Evolution, in the widest sense of the term, has to be viewed as a generalisation which combines the data of previous scientific and philosophical thought in a new conception of the universe. Like all such generalisations, it is hypothetical, provisional. Though it has received valuable inductive and experimental support in the region of biology, it does not rest upon the same foundation as Newton's law or as the law of the Conservation of Energy. It must rather be regarded as a comprehensive scheme of thought, inviting demonstration, stimulating discovery, and capable of manifold application.

Least of all does Evolution, as its name and as its principles imply, claim for itself finality. Its adaptation, however, to the present conditions of the human mind is proved by the rapidity with which it is transforming every department of speculation.

In the following pages it will be my object to show reason why the Philosophy of Evolution, instead of crushing the aspirations of humanity and reducing our conceptions of the world to chaos, may be expected to reanimate religion and to restore spirituality to the universe.

II.

This idea is undoubtedly the most potent which has entered the sphere of human thought since Copernicus published his heliocentric theory of the Solar System. When we inquire into the nature of religions, we shall find that they are all of them at root attempts to account for the universe, and to define man's place in the sphere of things. This being the case, it follows that every new cosmological idea, every fresh hypothesis regarding the beginning of the world and man, every alteration in the theory of Nature, will induce

changes in the current systems of theology, metaphysics, morals. Now the mythological elements of Christianity took shape in the intellects of people who conceived our earth to be the centre of the universe; who were accustomed to believe that God made the sun and moon and stars to shed light on us; and who fancied that the divine purpose in creating nature was to form a dwelling-place for man. The dogmatic elements of historical Christianity in like manner assumed their fixity by slow degrees under the dominance of Ptolemy's geocentric system of astronomy, and in harmony with a metaphysic which accepted that view of the universe. The discovery, published by Copernicus in 1543, by simply shifting the position of our globe in space, shook the ponderous fabric of scholastic theology to its foundations. The deductions made from his discovery by subsequent thinkers still more seriously compromised a large part of that edifice. The earth appeared not merely as a satellite of the sun; but the sun himself, with all his court of planets, took rank as only one among innumerable sidereal companies. Space spread into infinity. Up and down, heaven above and hell beneath, were now phrases of symbolical or metaphorical significance only. It was no longer possible to imagine that the celestial bodies had been created in order to give light by day and night. Man's station of eminence in the kosmos ceased to seem manifest. It became difficult to take the scheme of salvation, God's sacrifice of himself in the Second Person of the Trinity for the advantage of a race located on a third-rate planet, literally. Some mythical parts of the religion, which had previously been held as facts, were immediately changed into allegories. For instance, the ascension of Jesus from the mountain lost its value as an historical event when the brazen vault of heaven, or the crystal sphere on the outer surface of which God sat, had been annihilated; when there was no more up or down, and when a body lifted into ether would obey the same laws of attraction as a meteoric stone.

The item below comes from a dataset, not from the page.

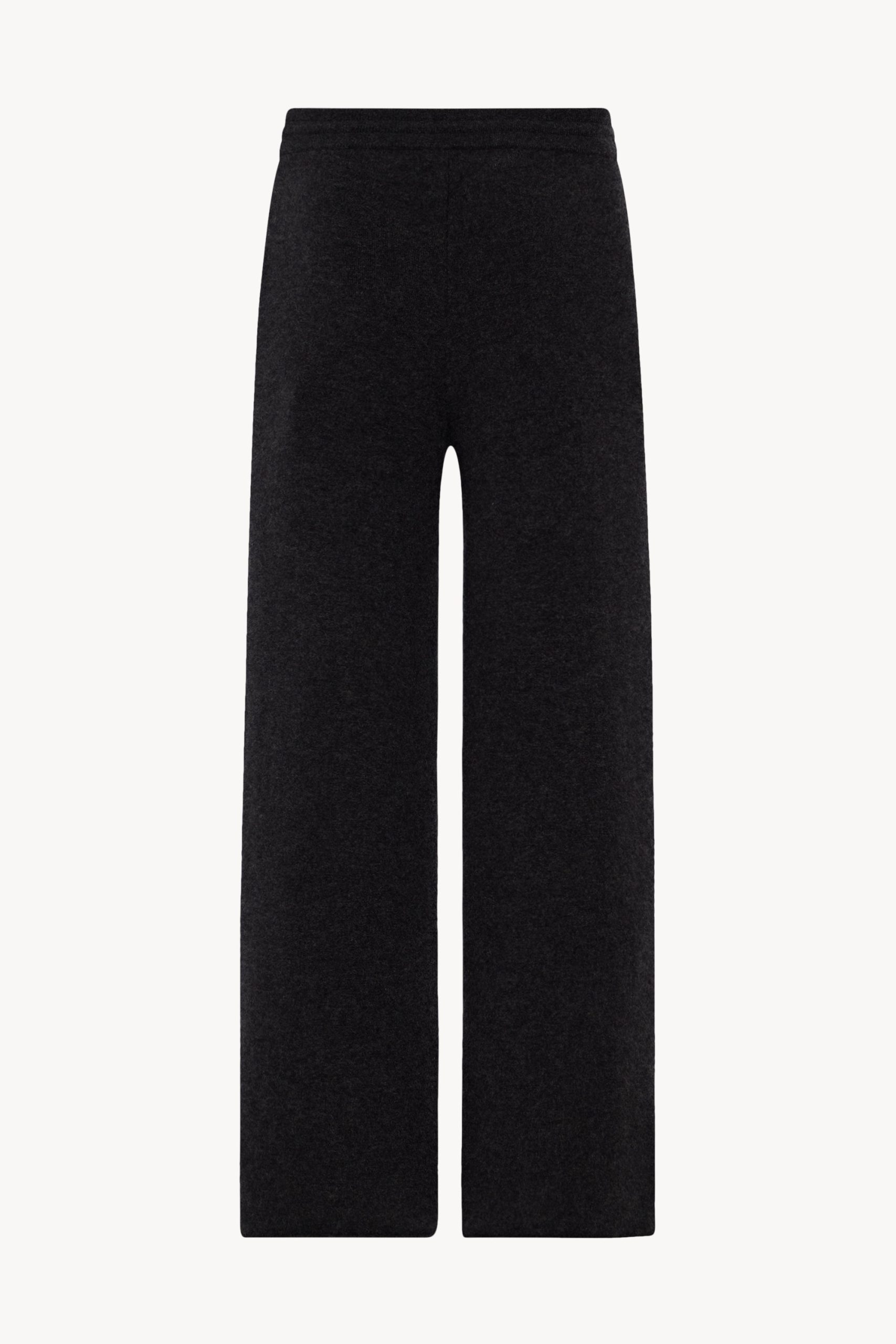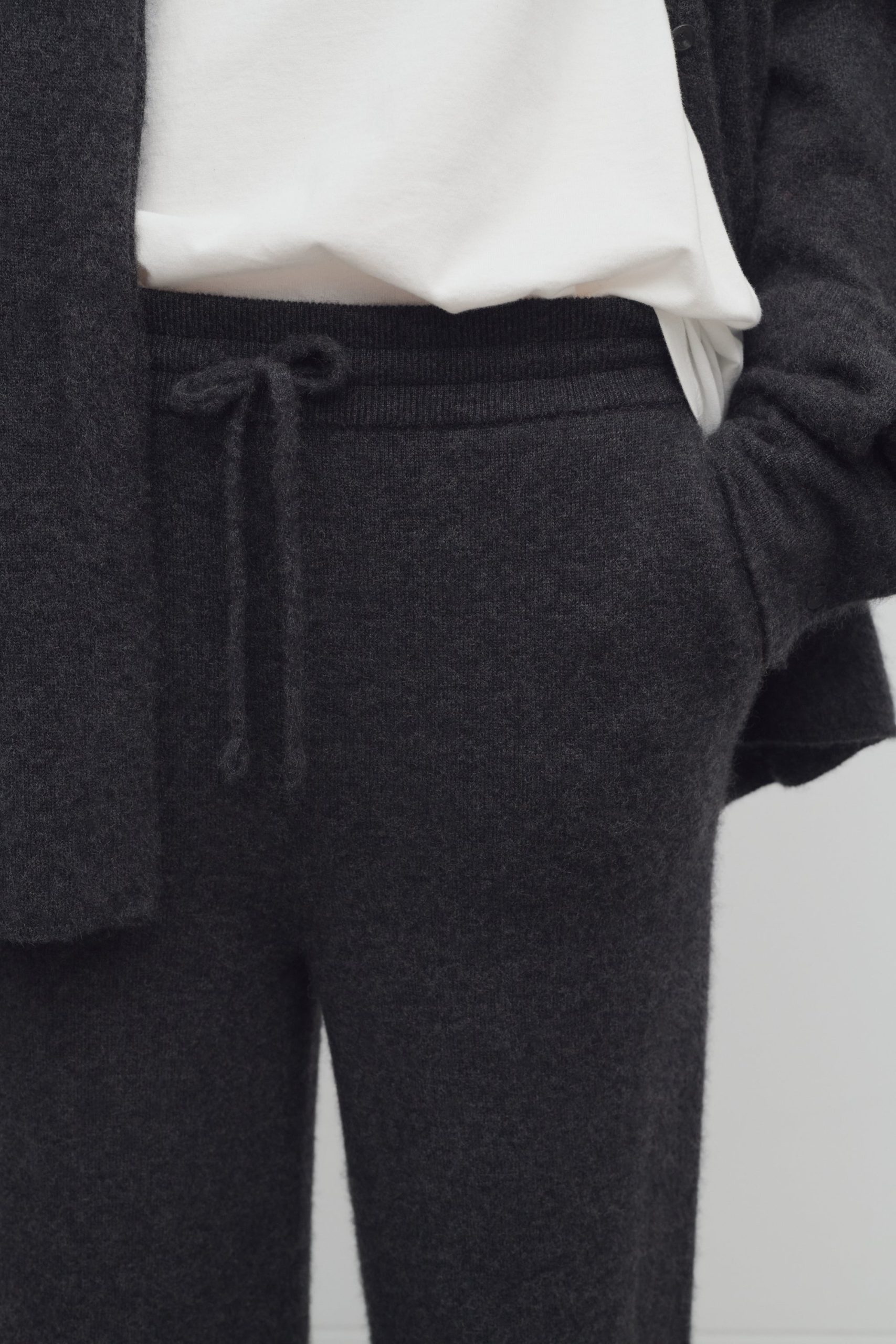 Relaxed pant in superfine cashmere and silk knit with wide leg and funnel waistband with drawstring.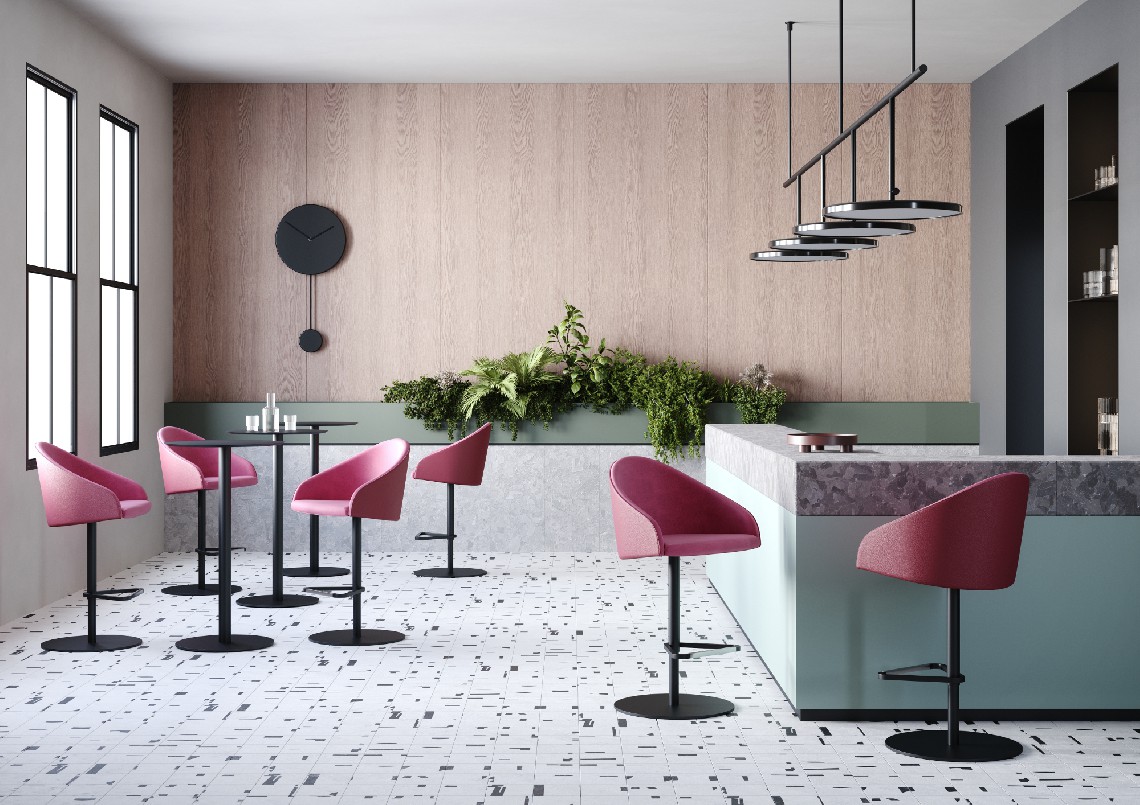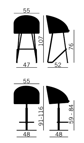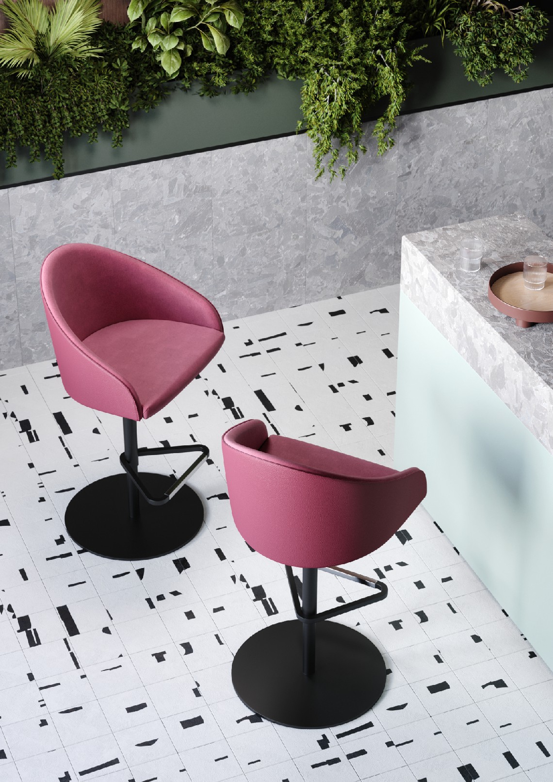 Stool with seat and back upholstered, one colour or two colours, available in the following versions:

The Copernican discovery very materially influenced Christian dogına and mythology by thus converting at a stroke what had been previously accepted as a matter of literal and historical fact into symbol, allegory, metaphor. It humbled human pride, and destroyed the overweening sense of man's importance in the universe. The nature of this revolution in astronomy made it of necessity destructive to the external coatings and integuments of religion. At the same time, it stimulated the growth of a new metaphysic, the first manifestations of which we owe to Bruno, and which was destined to react upon theology through the idealistic speculations of

the last two centuries.

III.

The disintegration of those factors which are merely temporal, and doomed to dissolution, in Christianity, has been advancing so rapidly, through the application of various critical methods and the growth of sciences, that little of a purely destructive influence was to be expected from the theory of Evolution. Some points, however, may arrest

attention.

Preceded by geology and primitive anthropology, Evolution dealt a death-blow at the assumptions of human self-conceit. We have accepted the probability of man's development from less highly organised types of animal life with tolerable good-humour, after a certain amount of rebellious disgust. The study of pre-historical humanity, together with the suggestions of the Evolution hypothesis, render any doctrine of a Fall more and more untenable. Instead of Paradise, and man's sudden lapse from primal innocence, we are now convinced that history implies a slow and toilsome upward effort on the part of our ancestors from the outset.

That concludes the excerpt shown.